I'm on a cruise to the Bahamas and this text message is gunna cost me $10 but I need you to pray on my behalf for the things I'm about to do these 2 girls and what I did last night to a 35 year old mother of 3.
The hospital said it would be 'irresponsible' for them to allow people to book stomach pumps.
From what I hear, her blowjob factory was runninng at full capacity this weekend.
don't worry about it. We passed around the "get jeff bail" can 10 min. After you left. We currently have around $400. May I say that people here at the dorms really love you.
And my only real exposure to Russian culture is you and Internet porn.
Whatever. I just smoked another bowl so I don't care and wow I just noticed how fast my thumb moves when I text. I'm amazing.
Why were you eating a hot dog in the bathroom at 230 am?
My roommate was sleeping, I thought it would be rude
i ended up making out with my new neighbor in a stranger's car that we found unlocked on a driveway somewhere. apparently drunk self never say "no" to adventure.
I dont know it just seems wrong to fuck her on my exes back porch
Guess who just enrolled into online classes at Hogwarts? This gal.
I am now "wine pairing" tums flavors with my strongbow, because apparently hard cider gives me heartburn.

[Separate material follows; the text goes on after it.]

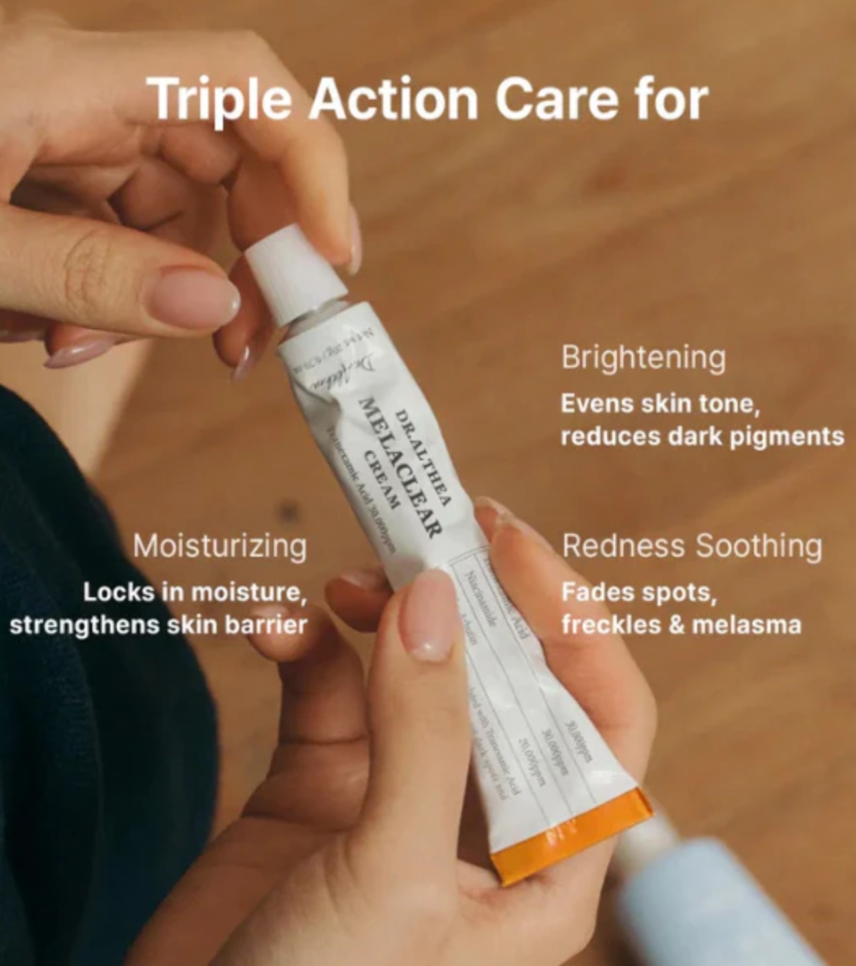 Die Formel kombiniert ein leistungsstarkes Dreifach-Anti-Melanin-System, das direkt auf überschüssige Pigmentierung einwirkt und gleichzeitig die Haut mit Feuchtigkeit versorgt und beruhigt.

Dude I just realized i did a camper walk of shame in front of amish people. I should have asked for cheese and a home made pie to cover it up. Im just lost shopping in amish country nothing to see here
I was out of breath when we were getting started and he offered me his inhaler so he's a keeper
Drunk me also decided it would be funny to change all the passwords on my computer last night. Now I can't log into anything.
you stood in front of the mirror for 20 minutes and finally said, "he can hear everything i'm saying inside my head. we need to leave." now try and tell me there is no such thing as too high.